I think our staying powers are better than the staying powers of our opponents. [Cheers.] You have, I dare say, noticed within the last few days a suggestion—I think of German origin—[laughter]—that the time has come when this war might be treated as a drawn game. [Renewed laughter.] Not quite, I think! [Cheers.] If you look at the matter as a sort of debtor and creditor account I don't think the conclusion that one would come to is that at this moment it looks like a drawn game. Belgium has been devastated, churches and cathedrals have been destroyed, but the smashing blow at the Allies has not yet been delivered, and we are holding our own well. [Cheers.] In the eastern theatre of war the advantage seems to be entirely on the side of the Allies.

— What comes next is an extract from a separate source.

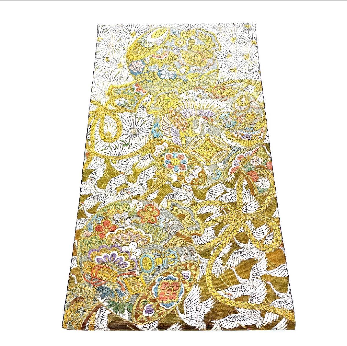 - 帯70 黄金箔 高級 正絹 全通 袋帯 未使用 宝尽くし 鶴 松竹梅 zwzjupb

I therefore venture to suggest to you that there is no question, so far as we are concerned, of declaring the innings closed just yet. [Cheers.] The game is a game worth winning, and under Providence we mean to win it. [Cheers.] I read the other day a pathetic account of what happened to an English officer who was badly wounded on the Belgian battle-field early in those hostilities. As he looked around him and saw the ravaged fields, the smoking rafters, the misery of the women and children, there rose to his lips the cry, "If these things were to happen in England!" We don't mean them to happen in England—[cheers]—and, therefore, we mean to win this game, conscious that our cause is a just cause, and that it is the cause not only of England, but the cause of civilization and of humanity. [Loud cheers.] I have the honour to move the first resolution:—

That this meeting of citizens of Nottingham, profoundly believing that we are fighting for a just cause, for the vindication of the rights of small States and the public law of Europe, pledges itself unswervingly to support the Government in all measures necessary for the prosecution of the war to a victorious conclusion, whereby alone the lasting peace of Europe will be achieved.